A year and a half ago, Rikamor asked Burger King to approve a site in the West Bank. "Given the sensitivities, we decided we need to wait," says Robert Doughty, Burger King's vice president for public relations. This time, Rikamor applied for approval for the restaurant, listing the location simply as "Maale Adumim, Israel." A box on the application asking whether there were any circumstances that might hinder the restaurant's success, he says, was left blank.

When an employee of Burger King flew in from Dubai for a site check, a Rikamor representative drove him from the airport outside Tel Aviv straight to the desert hilltops at Maale Adumim.

"There are no signs that say 'Occupied Territories, next left,' or 'West Bank, next right,'" quips Mr. Doughty, who had just returned to corporate headquarters in Miami after a trip here.

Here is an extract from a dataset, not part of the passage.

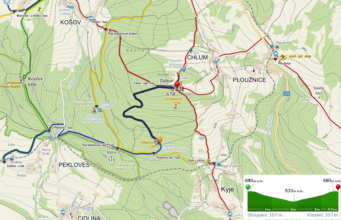 Doma, při listování knihou „Rozhledny a ztracené hrady“, kterou jsem dostal k vánocům, jsem narazil na Allainovu věž, jenž by měla být asi 2km od rozhledny Tábor, tady kousek za Lomnicí nad Popelkou. Pojedeme tam, na hodinovou procházku.

"We were misrepresented. We were denied the right to do that evaluation, and they knew how we felt about going into the West Bank at this time," says Doughty.

That didn't seem to stop patrons from scarfing down Whoppers at the mall here on Tuesday. Rikamor has vowed to fight the decision in court, and thus far, the trays still runneth over.

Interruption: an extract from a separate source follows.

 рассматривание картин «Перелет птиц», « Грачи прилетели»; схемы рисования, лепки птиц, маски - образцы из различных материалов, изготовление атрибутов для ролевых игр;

"Politics and business shouldn't mix together, or business would never get anywhere," says Asher Shimon, a computer consultant who just moved his family here from Jerusalem a year ago. Eight-year-old David, elbow deep in a children's meal and a coveted Pink Panther toy that came with it, agreed with his father: "I'm bummed."

A history lesson

Nearby, a politics and history student polishing off his fries said that he didn't see any difference between this and the 46 Burger Kings inside Israel proper.

"Real peace is where people live and eat together and buy things from each other," says Harel Horowitz. "This is part of the land of Israel, and Maale Adumim is a city like any other city within the Green Line [Israel's pre-1967 borders]."

Here, in the largest of West Bank settlements, a selective reality seems to reign. Though the US , the Palestinians, and much of the rest of the international community views this place as part of a settlement plan that serves as an obstacle to a peace deal, the people who live here don't view themselves as settlers. Many who live here are moderates who came simply for inexpensive housing within a short commute to Jerusalem.

In fact, peace and economy have as much to do with what having famous fast-food joints means to Israelis than anything else. And Israelis love things American.

With Arab-Israeli reconciliation, peace enthusiasts like former Prime Minister Shimon Peres promised, would come unrivaled economic growth, regional cooperation, and foreign investment. And, among other things, those tasty Whoppers and Big Macs Israelis had only known from trips abroad.

But the price of being an American icon can be high. Burgers are the US, for much of the world - which may be why other US-based companies represented in the new Maale Adumim mall, such as Ace Hardware and a small Blockbuster booth, seem to have gone unquestioned.